6 Fixes to America’s Fiscal Crisis
Amy Payne
November 30, 2012 at 9:09 am

President Obama made his first offer to congressional Republicans yesterday in negotiations over the “fiscal cliff”—an economic catastrophe of tax hikes just a few weeks away.

The White House’s proposal? $1.6 trillion in tax increases, $50 billion in new stimulus spending, and a change that would make it easier to raise the debt limit—so that all this spending could continue.

Senate Minority Leader Mitch McConnell (R-KY) couldn’t contain his laughter at these suggestions.

One congressional aide said the offer “amounts to little more than reiterating the President’s budget request—which failed to get a single vote in the House or Senate.”

Perhaps House Republicans could simply bring President Obama’s latest proposal up for another vote to see if anything has changed.

The “fiscal cliff” is man-made. Congress—primarily the liberal-led Senate—and the President built it themselves through their legislative decisions over the past four years, and then they turned away and tried not to look at it until after the election.

Elected officials in Washington keep enacting short-term patches to keep the government running, which is not a real solution. We need to reform the programs that are causing the runaway spending and deficits today and in the years to come—the large, lumbering entitlement programs of Social Security, Medicare, and Medicaid.

>>> As a candidate in 2008, Barack Obama said he’d like to reform entitlements in his first term. We’re still waiting. Watch the video.

In a new paper, Heritage’s J. D. Foster, Norman B. Ture Senior Fellow in the Economics of Fiscal Policy and Alison Acosta Fraser, director of the Thomas A. Roe Institute for Economic Policy Studies, point out that

Obama’s tax hikes would reduce the rise in federal debt over the next 10 years by 15 percent. The President is silent about the other 85 percent. The numbers confirm that President Obama’s tax hike demands are at best tangential to attaining a balanced budget.

The real issue is federal spending, and Foster and Fraser describe the bottom line this way:

When this year’s kindergarteners enter college, just 13 years away, spending on these two programs [Social Security and Medicare] plus Medicaid and interest on the debt will devour all tax revenue.

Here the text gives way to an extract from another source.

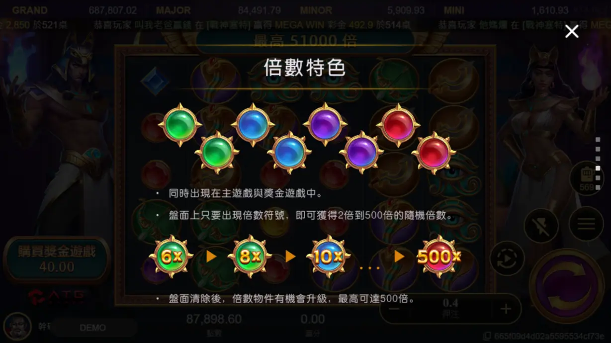 戰神賽特2盤面會隨機出現 2 倍至 500 倍不等的倍數符號。當盤面停止擴展或連鎖結束後,這些倍數將進行累加,再乘上當前累積獎金,形成更高的最終回報。這種倍率疊加設計,也是二代最核心的高爆分特色之一。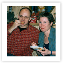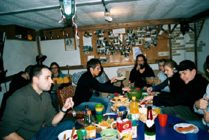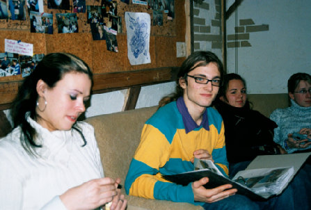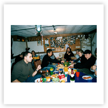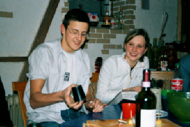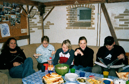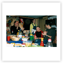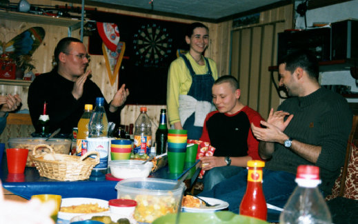 In einer gemütlichen Runde saßen wir am 15.01.05 im Keller in der Alten Harth 74 zusammen. Mit 23 Personen war das Fassungsvermögen dieses kleinen Raumes eigentlich deutlich gesprengt. Auf jeden Fall gab es genug zu Essen: zwei Kuchen, einen Nudelsalat, einen Kartoffelsalat, zwei Obstsalat und einen Käsesalat. (Vielen Dank an alle, die fleißig in der Küche standen!) So vergingen die 6 Stunden zwischen 19.00 und 01.00 Uhr. Wir quatschten, aßen, lachten („Panzer, ich begrüße sie!“) und blätterten in alten Alben.

To make meaningful changes to the nation’s unsustainable budget policies, Foster and Fraser lay out four “simple, commonsense, and thoroughly vetted solutions” that already enjoy broad support across the political spectrum:

1. Raise the Social Security eligibility age to match increases in longevity. People are living longer, and entitlement programs need to be updated to reflect that fact. According to the Social Security actuaries, continuing to increase the eligibility age to 69 by the year 2034 and allowing it to rise more slowly thereafter to reflect gains in longevity could go a long way toward reducing Social Security’s funding shortfall. While this would not reduce today’s budget deficit, it would strengthen Social Security’s finances and put it on a path toward sticking around in the future.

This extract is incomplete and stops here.